His bowfishing buddy, Jake Kerstetter, of Springboro, Ohio, arrowed the state bowfishing record carp along the western Lake Erie shoreline a year ago. It weighed 40.25 pounds, McGlone had been fishing with Kerstetter but had to break off - the evening that Kerstetter went on to take the monster carp.

Oregon taxidermist Mark Lodzinski is doing a special mount of the fish for McGlone.

The 25th Toledo Police Walleye Tournament, held last Saturday, was a true fisherman's event, a tough day for catching with the 22 boats and 86 angler-participants whose entries were topped by a team skippered by Duane Poole.

Poole, Brent Kohlman, and Randy Hayes turned in a winning entry of five fish weighing 20.66 pounds to best the field. Their catch included a tourney topper of 8.66 pounds.

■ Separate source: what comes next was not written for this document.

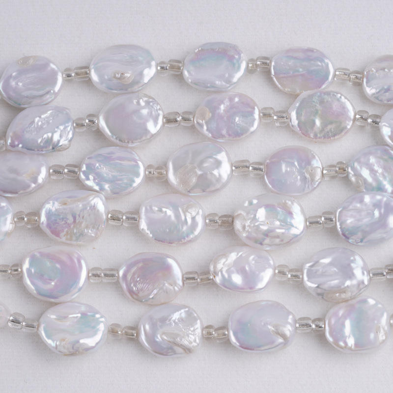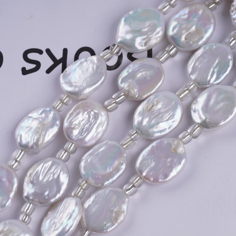 Perlas de Agua Dulce Blancas Barrocas de 18 cm, 15-16 mm, Botón Elíptico, Perlas Naturales Sueltas para Hacer Joyas y Pulseras

"The fishermen woke up to boats covered with mayflies," said official police reporter Jim Dec. "Our end of the lake was covered with slicks of new and dead mayflies - not a good sign if you are looking for hungry walleyes."

Poole took his first fish in Brest Bay in Michigan waters north of Monroe, Dec said. Most boats fished sites typical for this time of year - between West Sister and Middle Sister islands. Mayfly rigs with nightcrawlers were the preferred weapon, though some boats trolled with spoons with good success.

Poole's crew happened into a school of big fish, Dec said. Typical of tournaments. Poole told Dec that they had three of their best fish on at the same time.

Other top finishers included the boats of skipper Todd Reed, with Gary Vincent, Bob Teneyck, and Brian Huff, second, 18.66 pounds; skipper John Stewart with Mike Stewart, Dave Durant, and Brian Gaylord, third, 16.66 pounds; skipper Bill Wauford, with Brian Lewandowski, Pete Swartz, and Louie Espinosa, fourth, 16.28 pounds, and skipper Ed Palinski with Lou Borucki and Rick Reed, fifth, 15.84 pounds.

Largest sheepshead boated went to the crew of skipper Paul Byersmith, a retired patrolman and now king of the shepherds, at 8.9 pounds.

Teams included Toledo policemen and Lucas County sheriff's deputies. Sponsors included Dick's Sporting Goods, Toledo Police Command Officers Association, Toledo Police Patrolman's Association, Sheriff James Telb, and Erie IGA.

P.S. - Had Yours Truly not been somewhere off the New Jersey coast on a sailboat dodging thunderstorms at the time, he might have helped the Byersmith crew catch something aside from sheep. This is a great event - a friendly kind of pick-up game, not a blood tournament. It is the best kind and our lawmen deserve a tip of the hat for showing us how.